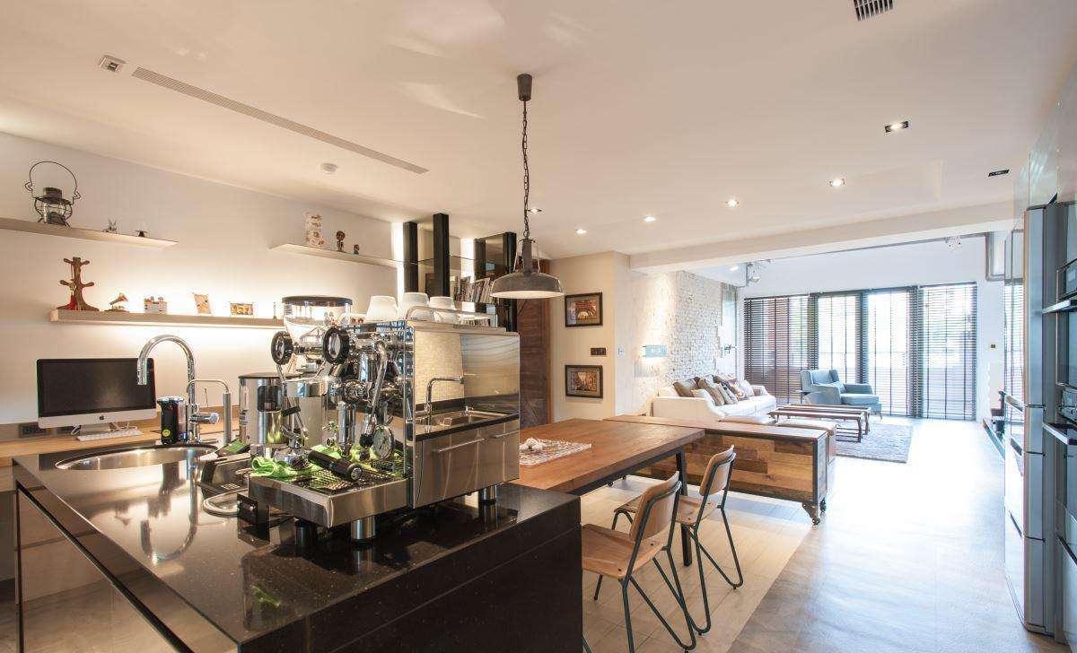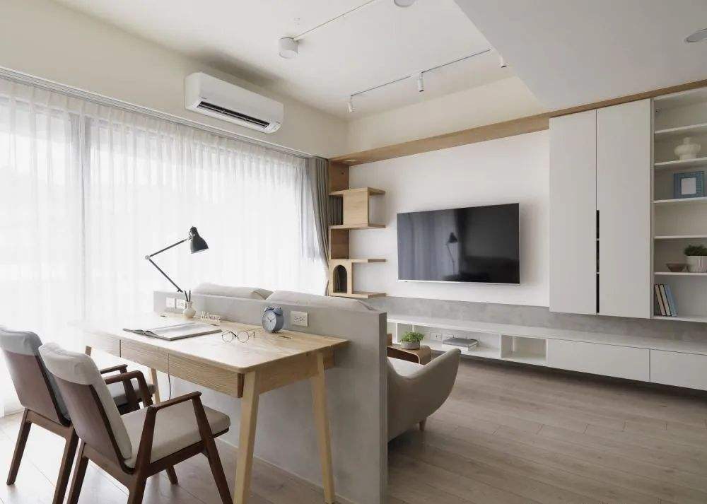 所以沙发能靠墙还是尽量靠墙,如果实在靠不了墙,可以考虑在沙发后面做一堵矮墙,或者做一个吧台。像上面这样,不仅让沙发背后有靠,还能增加客厅的功能(可以在吧台上办公、吃饭等)。
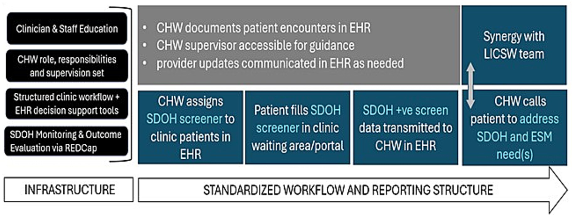 Identifying a primary supervisor may differ amongst epilepsy centers, depending on the availability and suitability of existing team members and CHW infrastructure which may already exist at a given medical center. Irrespective of the individual placed in the supervisory role, the components of a solid infrastructure that includes structured clinic workflow, electronic health record decision support tools, standardized monitoring and evaluation of outcomes will be necessary (Figure 2) in order to integrate a CHW effectively onto an epilepsy center team.
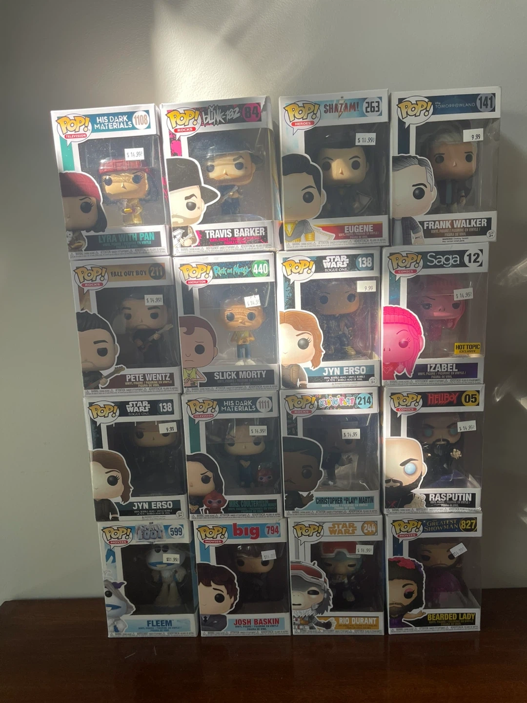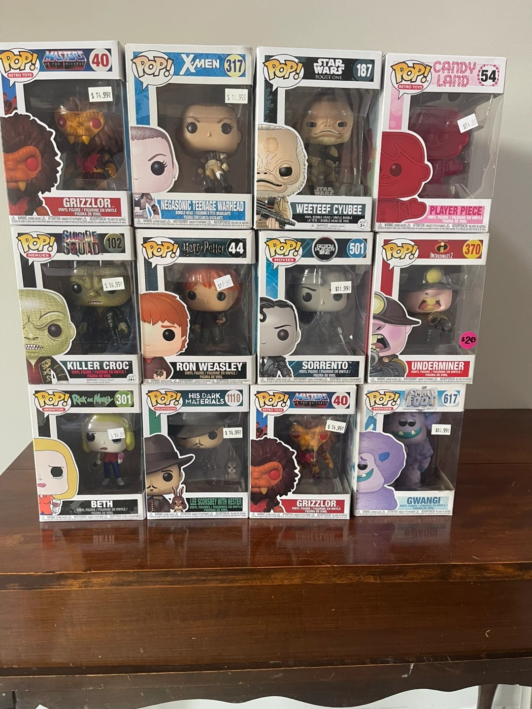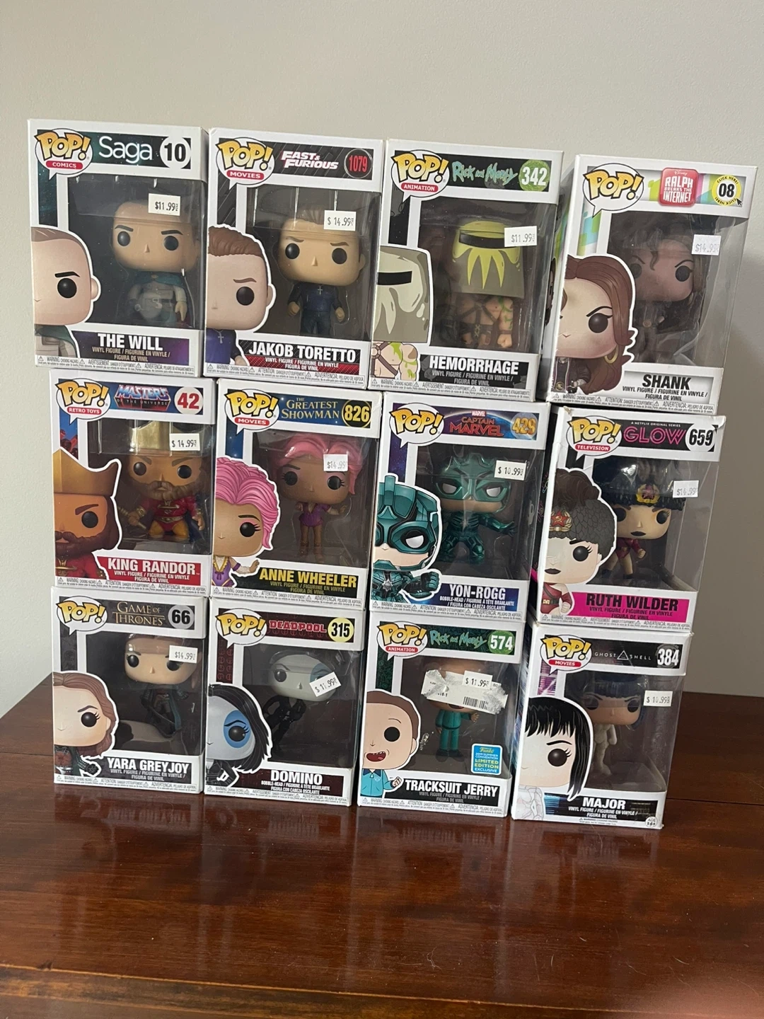 15Selling a variety of Funko Pop! vinyl figures. Great for collectors or fans of various franchises. Each figure is in its original box and in great condition. Prices are marked on each box in the photos
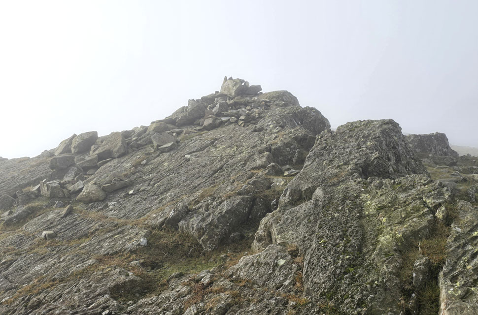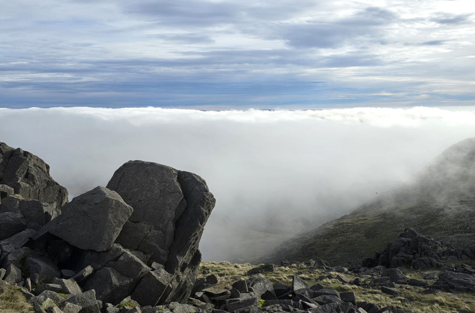 | It was an enjoyable ascent over rough path and boulder before the top of the Great Slab was reached from where we got our answer, Bow Fell's summit for now, was not below the inversion. |
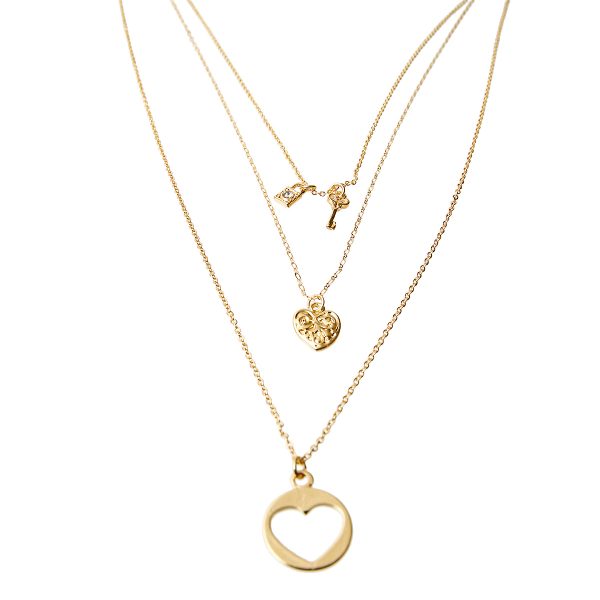 Gold Triple Layered Long Necklace Set Featuring Heart and Love Pendants
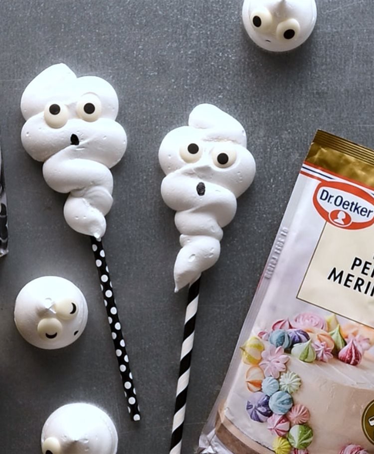 Suihkuta kummituksia kahdella tavalla. Pursota pieni määrä marenkia leivinpaperin päälle ja kiinnitä tikku marengin päälle. Pursota kummitukset tikun päälle siksak-kuvion muotoon. Pursota jäljelle jäävästä marengista pieniä marenkihuikkuja (halkaisija noin 3-4 cm). Koristele kummitukset sokerisilmillä. Paista marenkikummituksia uunin keskitasolla noin 90 minuuttia.
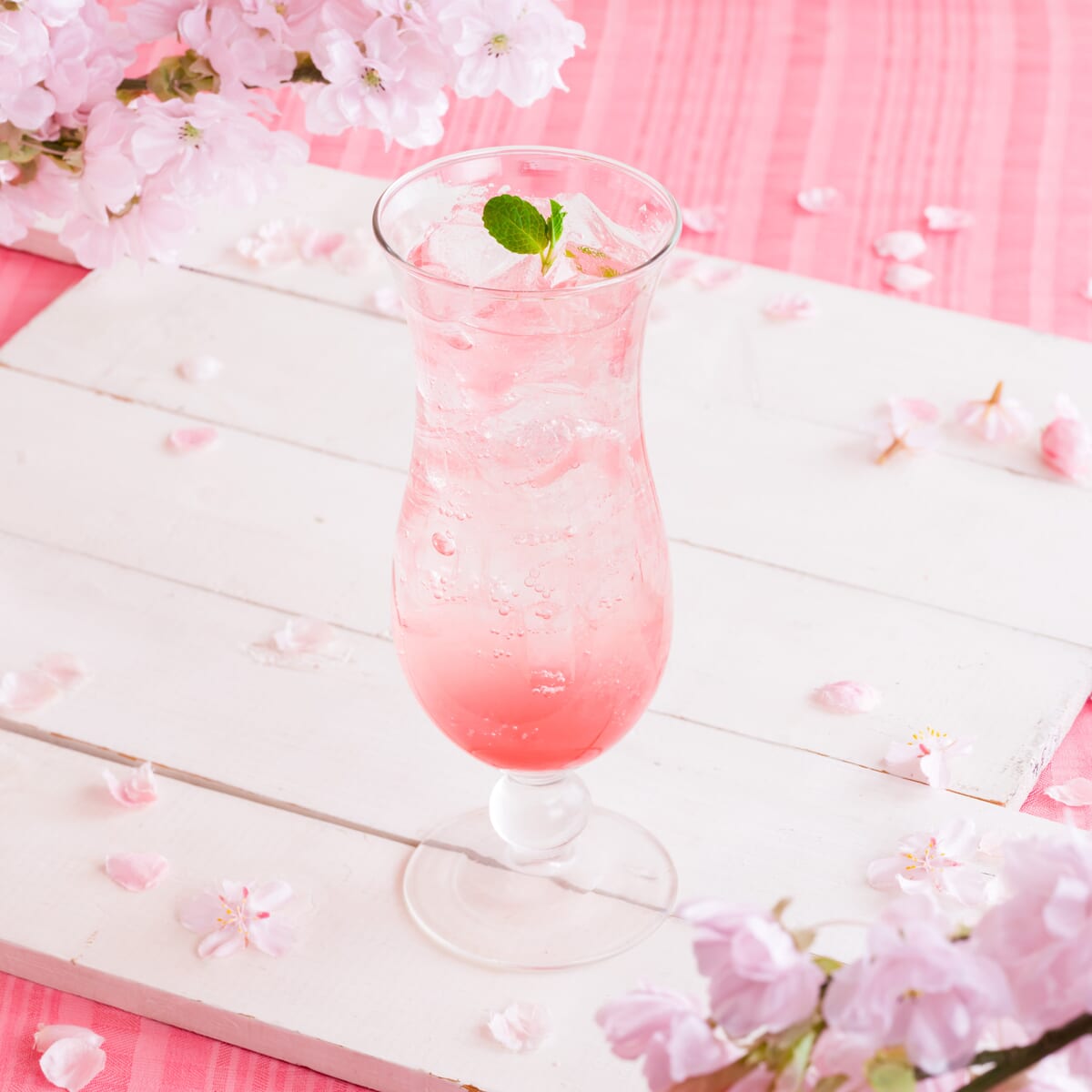 やさしい桜の爽快感が楽しい「桜スカッシュ」もラインナップ。

________________

▸ **Task requirements**
Type the material out again exactly. Skip the pictures.

▸ **Finished exercise**
 所以沙发能靠墙还是尽量靠墙,如果实在靠不了墙,可以考虑在沙发后面做一堵矮墙,或者做一个吧台。像上面这样,不仅让沙发背后有靠,还能增加客厅的功能(可以在吧台上办公、吃饭等)。
 Identifying a primary supervisor may differ amongst epilepsy centers, depending on the availability and suitability of existing team members and CHW infrastructure which may already exist at a given medical center. Irrespective of the individual placed in the supervisory role, the components of a solid infrastructure that includes structured clinic workflow, electronic health record decision support tools, standardized monitoring and evaluation of outcomes will be necessary (Figure 2) in order to integrate a CHW effectively onto an epilepsy center team.
 15Selling a variety of Funko Pop! vinyl figures. Great for collectors or fans of various franchises. Each figure is in its original box and in great condition. Prices are marked on each box in the photos
 | It was an enjoyable ascent over rough path and boulder before the top of the Great Slab was reached from where we got our answer, Bow Fell's summit for now, was not below the inversion. |
 Gold Triple Layered Long Necklace Set Featuring Heart and Love Pendants
 Suihkuta kummituksia kahdella tavalla. Pursota pieni määrä marenkia leivinpaperin päälle ja kiinnitä tikku marengin päälle. Pursota kummitukset tikun päälle siksak-kuvion muotoon. Pursota jäljelle jäävästä marengista pieniä marenkihuikkuja (halkaisija noin 3-4 cm). Koristele kummitukset sokerisilmillä. Paista marenkikummituksia uunin keskitasolla noin 90 minuuttia.
 やさしい桜の爽快感が楽しい「桜スカッシュ」もラインナップ。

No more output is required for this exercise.